Creating a Safer Manhattan
Like many cities, New York City has seen a rise in crime in recent months. With fewer people in commercial districts and offices, transit ridership at historic lows, and employees just now returning to in-person work, Manhattan feels more vulnerable than it has in a long time. But as we’ve seen, the answer is not simply more police, but more creative policing and public safety delivery rooted in neighborhoods and focused on communities that don’t always feel served by police, like communities of color and women.
Local crime prevention interventions
New York City has had some success with interventions like the Crisis Management System, which deploys teams to mediate street conflict and connect individuals to city services, and other supportive services, like school conflict mediation, mental health and legal services, and other social programs. I support increasing funding for these programs and working with the City to better tailor them to the Manhattan neighborhoods and blocks where they are needed.
Providing more access to supportive programs for at-risk youth is not enough. I will work with Manhattan businesses and nonprofits to connect teenagers with summer jobs that give them a positive (and paid) alternative to engaging in activities that would risk leading to trouble with law enforcement.
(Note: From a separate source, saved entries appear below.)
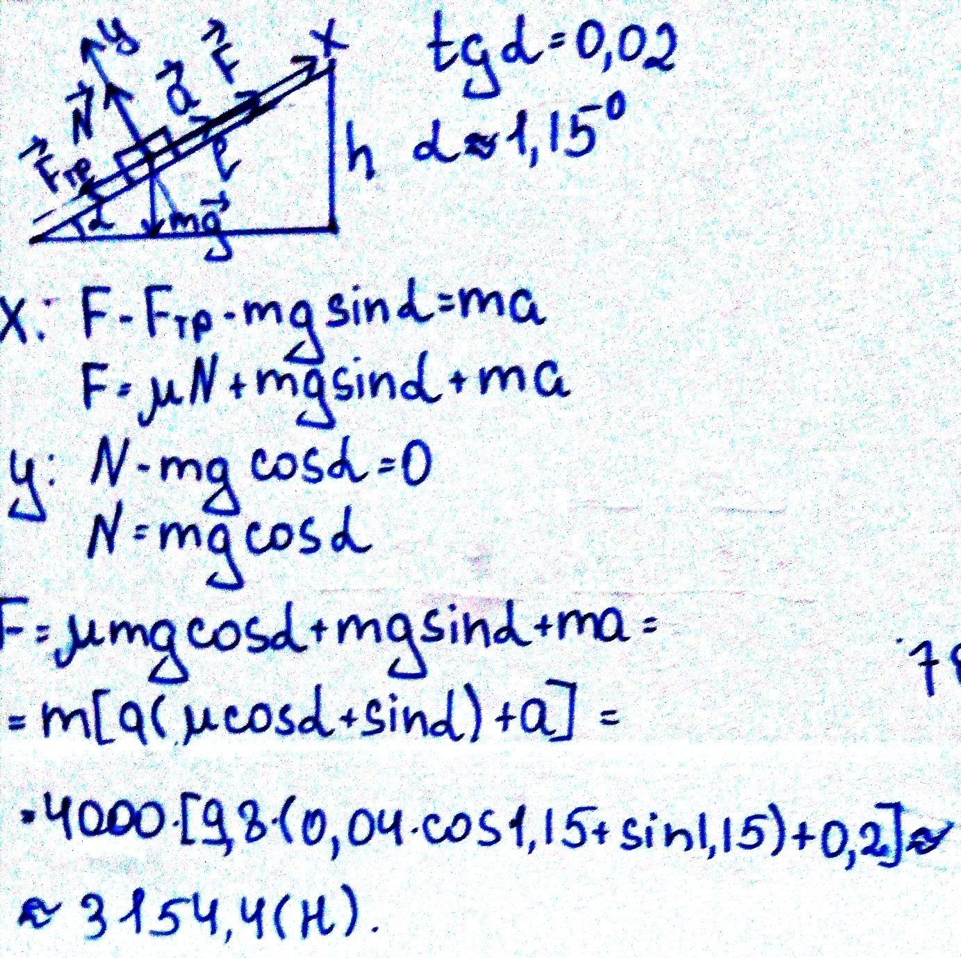 Автомобиль массой 4т движется в гору с ускорением 0,2 м/с(в квадрате). Найти силу тяги если уклон равен 0,02 а коэффициент сопротивления 0,04.
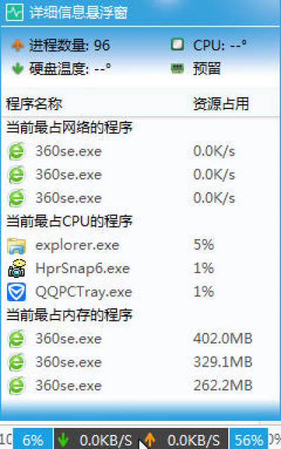 permo系统悬浮窗小工具是一款绿色小巧的桌面悬浮窗口显示工具,可为用户显示当前进程数量、cpu、硬盘温度、网速情况等,功能实用,内存占用小,需要的朋友快来下载体验一下吧!
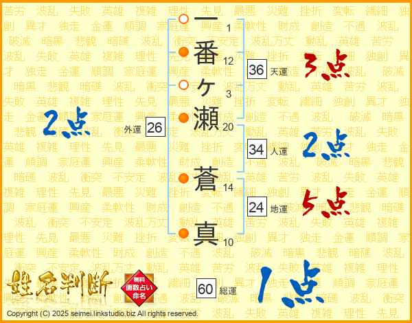 一番ヶ瀬蒼真さんの総運は60画の1点!
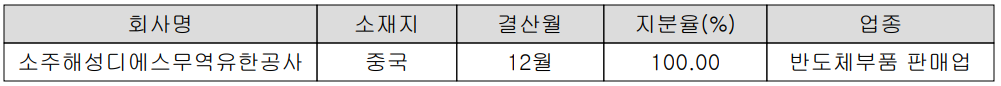 현재 당사의 종속기업에는 중국 소주해성디에스무역 유한공사 1개를 보유하고 있습니다.
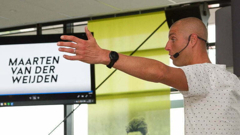 Na een inspirerend filmpje met hoogte- en dieptepunten begon Maarten over z’n jeugdjaren. Zijn vader was daarbij sturend geweest. Sport is belangrijk voor kinderen en een algemene goede voorbereiding voor het leven. “Maar ik was klein en kon eigenlijk niet goed meekomen. Ik heb z’n beetje alle sporten geprobeerd. Vond eigenlijk niets leuk, misschien wel iets te lui. Uiteindelijk bleef het bij zwemmen, was het alleen al omdat ik in het water sneller was dan m’n zus”, zo legde Maarten de keuze voor de zwemsport uit. Tot z’n twintigste heel succesvol op de lange afstanden, 400 – 800 en 1500 meter, totdat….
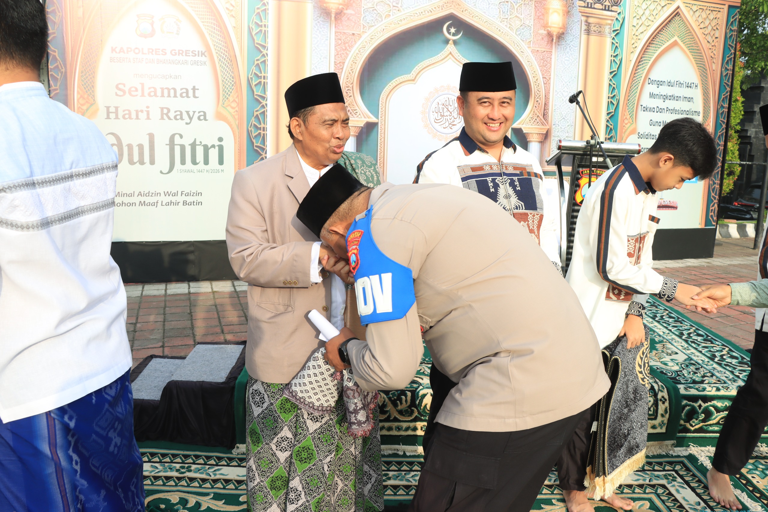 “Kami segenap keluarga besar Polres Gresik mengucapkan Selamat Hari Raya Idulfitri 1 Syawal 1447 H. Mohon maaf lahir dan batin atas segala kekurangan. Semoga seluruh amalan kita diterima dan kita mampu meraih kemenangan yang hakiki,” ungkapnya.

Pilot program for “cop boxes” in our neighborhoods
Following the racial justice protests last year, it is apparent that there is a gap in understanding between police and many of the citizens they serve. While the NYPD serves Manhattan selflessly every day, there is ample room to improve community relations.
I will support a pilot program for a ‘cop box’ initiative in Manhattan. Based on the Japanese kōban concept, a ‘cop box’ is a small neighborhood police kiosk staffed by one or two officers that can serve as a focal point for friendly police-neighborhood interactions. The LAPD has found great success using cop boxes.
Cop boxes would lower tensions by taking often fraught public-police interactions away from random sidewalk encounters without taking police out of neighborhoods entirely. Functions might include providing maps and directions to tourists, serving as a neighborhood lost & found, taking police reports for minor crimes, and as emergency dispatch.